Traditional taxable municipal debt is sold on a limited basis by state and local governmental entities when certain projects do not qualify for tax-exempt status, such as pension bond obligations.

The credit quality of taxable debt is generally very high and the bonds have very low default rates, making them attractive to investors, experts said. They noted that the level of credit quality is often difficult to obtain in the corporate credit market.

The relatively strong issuance of taxable bonds may reflect the fact that state and local governments still face fiscal challenges and are turning to pension obligation bonds and unemployment bonds for some relief.

For example, Colorado issued $625 million of special taxable revenue bonds in June to replenish its unemployment compensation fund. Many states have been issuing debt to cover unemployment costs and reimburse the federal government for extended jobless benefits.

State and local governments also have issued pension obligation bonds to fund their public pensions with the understanding that they would be able to earn more on their investments, said Bart Mosley, co-president of Trident Municipal Research LLC.

“The basic problem that the market is looking at is that the causes of the pension-funding gap should be addressed before borrowing,” Mosley said. “The gap should stop getting bigger before you use borrowing to cover the gap.”

Natalie Cohen, a senior analyst at Wells Fargo, said the taxable Build America Bond program served as a “graduate school” for the corporate investor to learn about the municipal market.

BABs were created in 2009 as part of the American Recovery and Reinvestment Act but expired in 2010. Issuers received subsidy payments from the federal government equal to 35% of their interest costs.

At the end of 2010 there was a surge in taxable bond issuance as issuers rushed to take advantage of the BAB program before it expired. At the beginning of 2011, issuers were still allowed to refund BAB deals.

However, most such issues were noncallable, which helps explain the 5.8% decline in refunding in the first half of 2012. Refundings dropped to $3.45 billion with 226 deals from $3.66 billion with 83 deals during the same period last year.

“Without new issuance coming into the market from the BAB program, issuance will continue to dwindle,” Mosley said.

Five of the 10 muni sectors saw double-digit declines of taxable debt, according to Thomson Reuters. The biggest decline in taxable issuance was in health care, where it fell 69.1% to $106.4 million in 15 deals this year from $344.1 million and seven deals in the same period last year.

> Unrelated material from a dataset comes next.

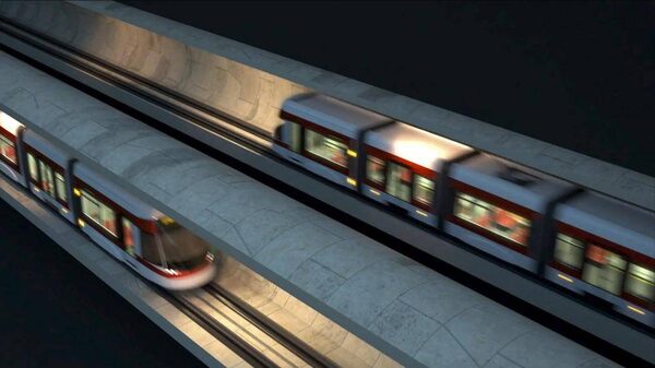 This Metrolinx-TTC rendering shows LRT cars passing on Eglinton LRT line.

Issuance in the development sector was down 47.1% to $331.7 million in 19 offerings from $627.1 million and 45 deals. In the education sector, taxable bond issuance decreased 42.9% to $3.48 billion in 204 deals from $6.09 billion in 340 deals.

“It makes sense that there is a drop in education because for a lot of issuers there is a certain amount of uncertainty about what enrollment and what funding is going to be,” Kozlik said. “It does make sense that there are certain issuers that might be holding off on issuing certain types of debt.”

Utilities saw the largest increase in taxable bond issuance, soaring 368.8% to $1.23 billion in 52 deals for the first six months of this year from $262.8 million in 19 deals over the same period last year.

Taxable bonds for public facilities followed with a 141.5% jump to $238.1 million in 20 issues, up from $98.6 million and 9 deals. In housing, issuance increased 79.3% to $423.7 million in 25 deals, up from $236.3 million and 17 deals.

Environmental facilities saw a marginal increase to $29.1 million from only one issue in the first half of 2012 compared with no deals the first half of the previous year.

State agencies, the largest issuers of taxable bonds by dollar amount, sold 32.9% less of the bonds in the first half of 2012, compared to the same period last year. Overall volume in the sector declined to $2.98 billion and 67 deals from $4.44 billion in 64 deals.

Taxable sales by states declined 68.5% to $1.38 billion via 19 deals from $4.38 billion and 12 deals. But issuance by cities and towns jumped 133% to $2.72 billion in 165 deals from $1.17 billion in 87 offerings.

Colleges and universities had the largest increase in taxable bond issuance among issuers, up 910.4% to $1.33 billion in 25 deals from $131.3 million and 12 deals in the first half of last year.